Eating food at home is so better than eating food at restaurants, but some people have different opinions about it. Nevertheless, I prefer eating at home because of healthy food, variety of food, and quietness and tranquility of home.
When I'm eating at home, I'm certain the food is healthy, but when I enter to a restaurant, I'm not sure the food is healthy. A cook in the kitchen, for example, a mother cooking and the others in the family knowing that their mother paying attention whenever she is cooking. Also, the quality of materials, for instance, rice, meat, etc., can be better than the quality of materials at restaurants.

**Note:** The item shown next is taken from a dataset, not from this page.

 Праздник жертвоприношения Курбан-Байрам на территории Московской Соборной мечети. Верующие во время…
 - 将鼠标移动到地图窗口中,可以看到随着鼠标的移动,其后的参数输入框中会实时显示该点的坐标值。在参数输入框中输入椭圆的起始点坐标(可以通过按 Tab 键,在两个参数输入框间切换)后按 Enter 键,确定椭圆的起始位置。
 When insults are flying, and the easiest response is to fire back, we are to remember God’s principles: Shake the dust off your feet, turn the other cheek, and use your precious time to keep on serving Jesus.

Moreover, the variety of foods is considerable at home, because any cook can cook from traditional foods to fast foods. For example, my mother can cook Kebab as a traditional food to Pizza as a fast food, while the restaurants divide to traditional or modern ones.

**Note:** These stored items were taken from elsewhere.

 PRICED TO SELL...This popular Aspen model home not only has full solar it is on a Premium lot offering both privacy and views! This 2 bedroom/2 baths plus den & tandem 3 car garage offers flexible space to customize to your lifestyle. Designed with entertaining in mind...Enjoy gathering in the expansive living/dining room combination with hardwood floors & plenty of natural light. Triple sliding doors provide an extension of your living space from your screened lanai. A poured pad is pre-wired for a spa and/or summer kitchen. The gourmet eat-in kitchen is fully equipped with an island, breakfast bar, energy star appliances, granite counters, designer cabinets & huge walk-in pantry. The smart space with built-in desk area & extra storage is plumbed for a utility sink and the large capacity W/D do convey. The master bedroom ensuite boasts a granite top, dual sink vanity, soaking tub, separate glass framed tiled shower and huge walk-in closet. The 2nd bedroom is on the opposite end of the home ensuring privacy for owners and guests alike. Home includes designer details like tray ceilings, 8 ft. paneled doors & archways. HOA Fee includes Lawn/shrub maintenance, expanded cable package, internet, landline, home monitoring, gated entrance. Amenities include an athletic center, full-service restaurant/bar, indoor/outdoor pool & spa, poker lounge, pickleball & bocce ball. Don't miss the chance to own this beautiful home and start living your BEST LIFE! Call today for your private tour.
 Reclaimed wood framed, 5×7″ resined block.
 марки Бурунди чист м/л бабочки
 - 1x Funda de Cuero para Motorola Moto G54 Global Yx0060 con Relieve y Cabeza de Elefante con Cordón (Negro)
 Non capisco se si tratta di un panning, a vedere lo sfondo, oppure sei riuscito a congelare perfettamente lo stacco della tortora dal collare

Furthermore, when I am eating at home, I feel tranquility and quietness, especially I can speak with my family and watching TV or the others act that I can do at the same time. Also, I can eat foods in a diversity positions such as standing at a counter to sitting on a carpet.
In conclusion, I prefer eating food at home rather than at a restaurant, because I feel healthy, and I'm able to tasting various delicious foods, and I feel tranquility or quietness at home. Therefore, I suggest everyone to choose home for eating foods, and trying to go to the restaurants less than one time in one month.
Thanks a lot
Don't capitalize the first letter of foods and put "much" in between "so" and "better" in your first sentence. Also put "the" before "healthy," "variety," and "quietness". In the last sentence, put "go to restaurants once a month" because it makes more sense.
I will try to point out more errors later on if I have time. I'm sorry.
But and nevertheless should not be put closely. Instead you can use although or though.
I think the first sentence is not very good because different people can have different ideas for this. You cannot assess who are right. using in my opinion or similar phrases will be better
Also, use foods instead of food
Do not use etc in an academic writing.
Good luck :d
A cook in the kitchen, for example, is not necessarily as careful as a father cooking for the others in the family, who know that their father pays attention whenever he is cooking.
...such as standing at a counter or sitting on a carpet.
In conclusion, I prefer eating food at home rather than at a restaurant, because I feel healthy, and I'm able to tasting taste various ...
Great job!! This essay had only a few small errors.